2. The device of claim 1, wherein the cover and base are cylindrical.

3. The device of claim 1, wherein the cover further includes a perimeter flange, and the perimeter flange includes at least one aperture, and the base further includes a base flange, the base flange includes at least one aperture;

wherein the base is attachable to the cover by aligning and inserting a fastener though the at least one aperture of the perimeter flange and the at least one aperture of the base flange.

4. The device of claim 3, wherein the at least one aperture of the perimeter flange and the at least one aperture of the base flange are threaded.

5. The device of claim 3, wherein the fastener includes at least one of a screw and a nut and a bolt.

6. The device of claim 1, wherein the cupped spring washer is made of steel.

7. The device of claim 1, wherein the cupped spring washer is a Belleville washer.

8. The device of claim 6, wherein the cupped spring washer is made of high strength steel.

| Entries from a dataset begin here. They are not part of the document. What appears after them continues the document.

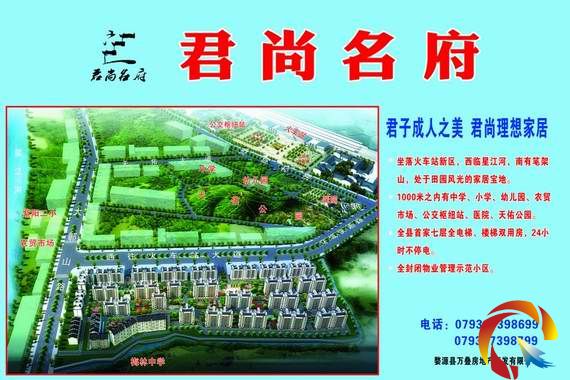 婺源縣萬疊地產開發有限公司開發的樓盤--君尚名府,三面環山,一面環水,宜居宜家,盡在君尚!君尚名府,坐落火車站新區,隆重推出購1000元VIP卡抵一萬,預交五萬贈送VIP卡一張,并可立即選房號。高鐵的即將開通使高鐵沿線站點的優質房產成為置業市場新的置業熱點。其中,君尚名府以其臨近火車站區,更是受到廣泛眾多投資置業者的關注,君尚名府有望成為婺源樓市下一波引爆點。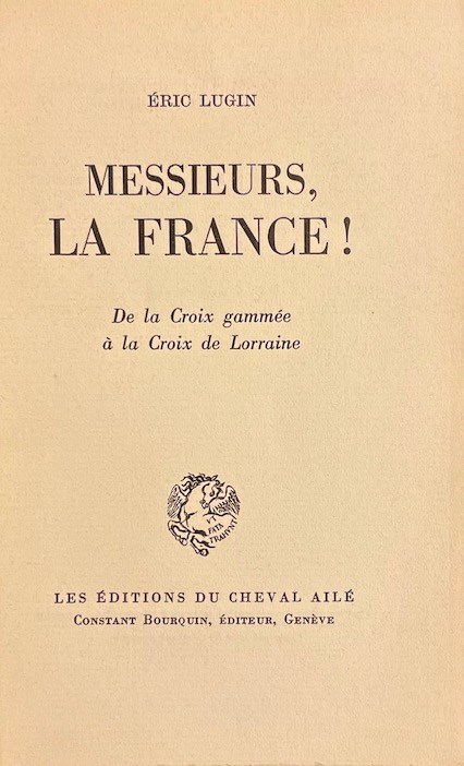 LUGIN (Eric) Messieurs, la France! De la Croix gammée à la Croix de Lorraine. Genève, A l’Enseigne du Cheval Ailé, 1944.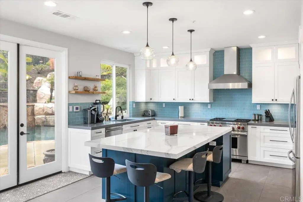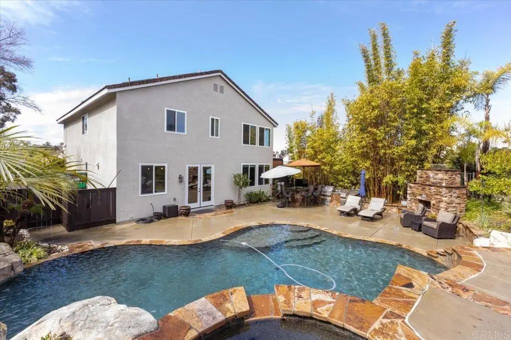 Discover your dream retreat! This stunning estate offers unmatched privacy, luxury, and modern upgrades--fully paid-for solar for energy savings included! Nestled at the end of a rare double cul-de-sac, it's a true sanctuary, surrounded by a lush Private Reserve--no neighbors, just tranquility. Inside, you'll find a beautifully remodeled 4-bedroom, 3-bath floor plan with a versatile upstairs loft--perfect for working from home, family fun, or guest visits. Every inch is finished with timeless style: a gourmet kitchen featuring a WOLF RANGE & HOOD, gorgeous ice blue tile accents, a spacious island with seating, newer windows, and contemporary touches that elevate everyday living. Step outside to your own resort-style paradise--immerse yourself in the dramatic spillway, unwind in the vanishing-edge spa, or soak in the shimmering saltwater pool with the top-of-the-line heater. Expansive, mature landscaping creates the perfect backdrop for lazy afternoons, starry nights, and unforgettable entertaining. This isn't just a home--it's a lifestyle. Embrace serenity, style, and effortless luxury in a private haven designed for those who cherish quality, privacy, and the good life. Your dream lifestyle awaits! 14 MIN DRIVE TO LEGOLAND 16 MIN DRIVE TO TERRAMAR BCH, CARLSBAD 46 MIN DRIVE TO INTERNATIONAL AIRPORT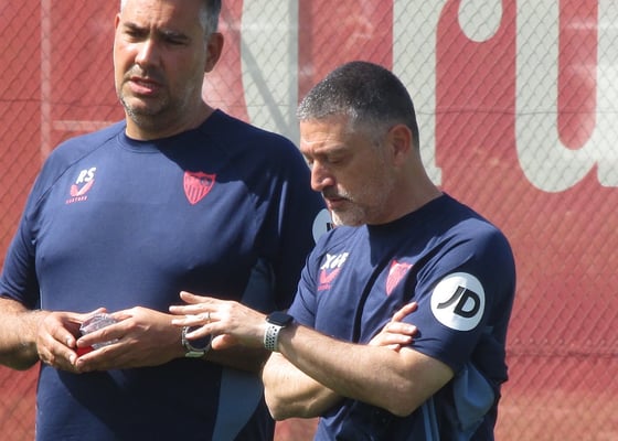 Sevilla FCCaparrós busca en Navas el aliento para la final del domingo con el respaldo de Orta y Del Nido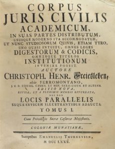 1775. — LIBRO : (DERECHO). — FREIESLEBEN, CHRISTOPH. HENR. : — CORPUS JURIS CIVILIS ACADEMICUM, IN SUAS PARTES DISTRIBUTUM... — Coloniae Munatianae [Basilea] : Sumptibus Emanuelis Thurneysen, 1775. 2 vol. 4º. I : 3 h. + 1794 col. + 19 h. II...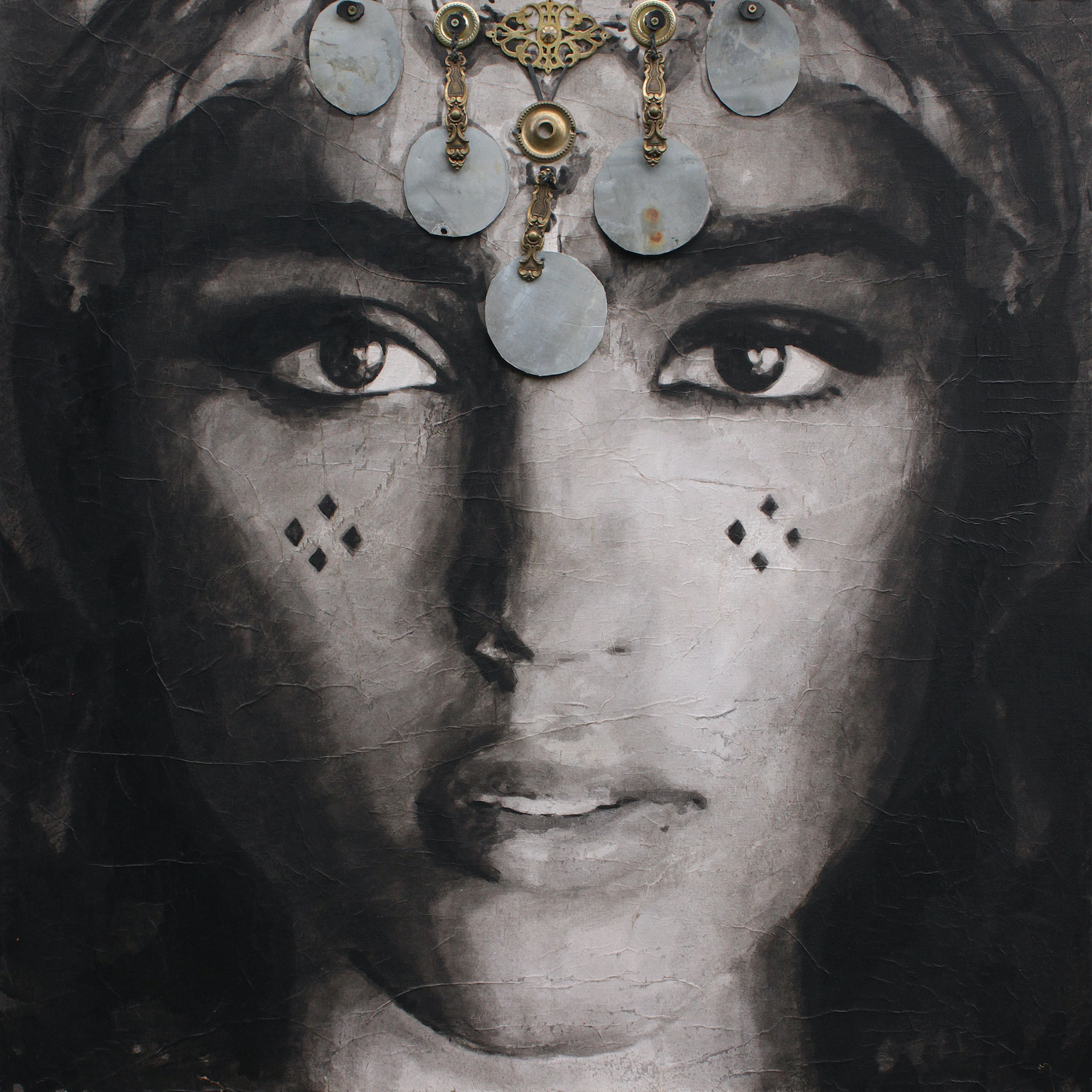 Encre de chine sur papier de soie marouflé et métal sur toile, 100 x 100 cm, 2024

9. The device of claim 1, wherein the cupped spring washer includes more than one cupped spring washer.

10. The device of claim 9, wherein the more than one cupped spring washer is one of stacked or end to end.

11. A method for protecting a hardware device in a package, comprising:

applying a preload between a hardware device, a cupped spring washer, and a bottom of one end of the package, using a base of the package that is attached to a cover of the package;

reducing a shock applied to the hardware device by further loading the washer.

12. The method of claim 11, wherein the cupped spring washer includes more than one cupped spring washer.

13. The method of claim 11, wherein the cupped spring washer is a Belleville washer.